##### Dataset extract

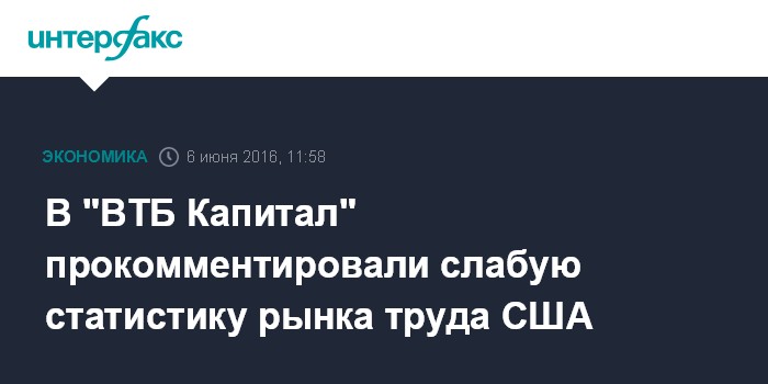 Москва. 6 июня. INTERFAX.RU - Слабая статистика по американскому рынку труда уменьшила опасения инвесторов относительно возможности повышения ФРС США ставки этим летом, что подстегнуло рост аппетитк риску, считают аналитики "ВТБ Капитал".
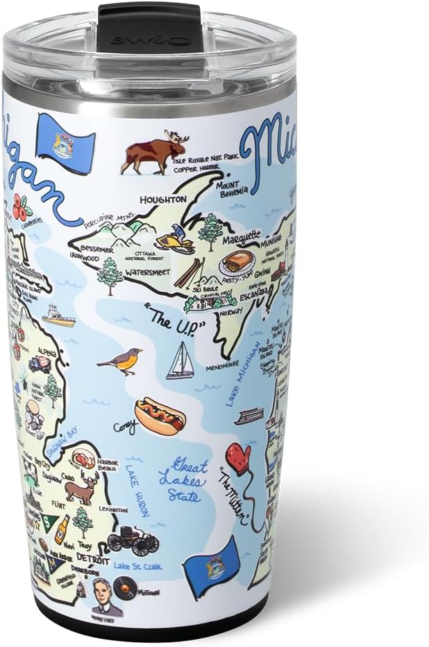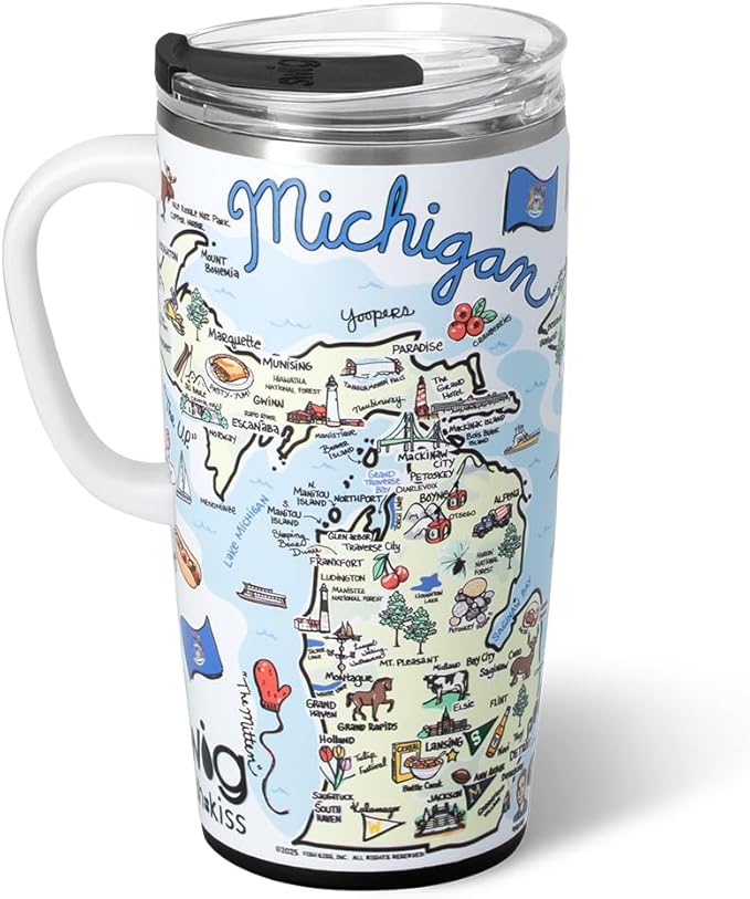Swig Life 22oz Travel Mug, Insulated Tumbler with Handle and Lid, Travel Coffee Mug, Cup Holder Friendly, Stainless Steel 22 oz Tumbler, Reusable Insulated with Lid (Michigan)
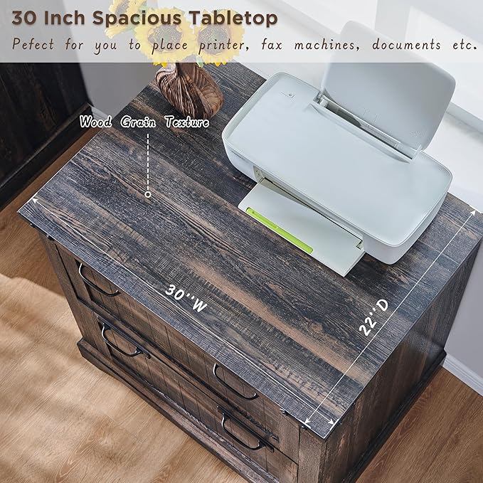 - 30 Inch Spacious Desktop:This office filing cabinet is a powerful assistant for your efficient work. 30 inches spacious desktop has a rustic finish with a delicate touch, being stain-resistant and easy to clean. No matter if you use it intensively for a long time or accidentally cause bumps or water spills, it will always remain aesthetically pleasing and practical.

##########

Problem to work on:
Pictures are to be left out; all other data must be returned exactly.

Result of this task:
 Москва. 6 июня. INTERFAX.RU - Слабая статистика по американскому рынку труда уменьшила опасения инвесторов относительно возможности повышения ФРС США ставки этим летом, что подстегнуло рост аппетитк риску, считают аналитики "ВТБ Капитал".
Swig Life 22oz Travel Mug, Insulated Tumbler with Handle and Lid, Travel Coffee Mug, Cup Holder Friendly, Stainless Steel 22 oz Tumbler, Reusable Insulated with Lid (Michigan)
 - 30 Inch Spacious Desktop:This office filing cabinet is a powerful assistant for your efficient work. 30 inches spacious desktop has a rustic finish with a delicate touch, being stain-resistant and easy to clean. No matter if you use it intensively for a long time or accidentally cause bumps or water spills, it will always remain aesthetically pleasing and practical.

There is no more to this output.